To that end, if someone wished to become a Spanish national (for work, for example), then they would have to renounce any other nationality.


----------



## agua642 (May 24, 2009)

UK Aaccepts dual nationality? As if they do surely she might be able to upon her passport expiring apply for Spanish passport using her birth certificate from registry office in Spain (when born) then apply for a British certificate using her birth certificate from registry office Uk??

Sent from my iPhone using ExpatForum


----------



## xabiaxica (Jun 23, 2009)

agua642 said:


> UK Aaccepts dual nationality? As if they do surely she might be able to upon her passport expiring apply for Spanish passport using her birth certificate from registry office in Spain (when born) then apply for a British certificate using her birth certificate from registry office Uk??
> 
> Sent from my iPhone using ExpatForum


yes, the UK does


----------



## agua642 (May 24, 2009)

Oops not finished previous post..
However having 2 passports will not maybe give her dual nationality?

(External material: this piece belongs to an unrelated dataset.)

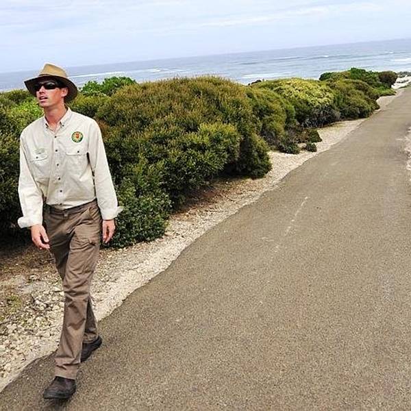 这位就是我们的导游,我们必须要由导游带领参观且不能脱队。远远的望见海滩,天气非常好,蓝天碧海被美国国家地理杂志评为“亚太第一岛”的袋鼠岛,除了有绵长的海岸线、高耸的悬崖峭壁,最吸引人的要数其独特的野生动物诸如袋鼠、野生考拉、沙袋鼠、企鹅、海狮等,它们可与人类亲密相处,因此袋鼠岛被称为“没...被美国国家地理杂志评为“亚太第一岛”的袋鼠岛,除了有绵长的海岸线、高耸的悬崖峭壁,最吸引人的要数其独特的野生动物诸如袋鼠、野生考拉、沙袋鼠、企鹅、海狮等,它们可与人类亲密相处,因此袋鼠岛被称为“没有围栏的动物园”。

Sent from my iPhone using ExpatForum


----------



## anles (Feb 11, 2009)

snikpoh said:


> It's my understanding that Spain does not accept/allow/comprehend dual nationality.
> 
> To that end, if someone wished to become a Spanish national (for work, for example), then they would have to renounce any other nationality.


There is no dual nationality treaty between UK and Spain but this doesn't mean you can't have both nationalities. It just means that each country only recognises their own nationality. My children were born here and their dad is Spanish but when they were born I registered their births at the British Embassy and later applied for a British passport. Here thay have Spanish DNI cards.


----------



## agua642 (May 24, 2009)

Ummm got my thinking hat on!!

Sent from my iPhone using ExpatForum


----------



## agua642 (May 24, 2009)

Yes but your children have a Spanish dad! My daughters dad is From the UK.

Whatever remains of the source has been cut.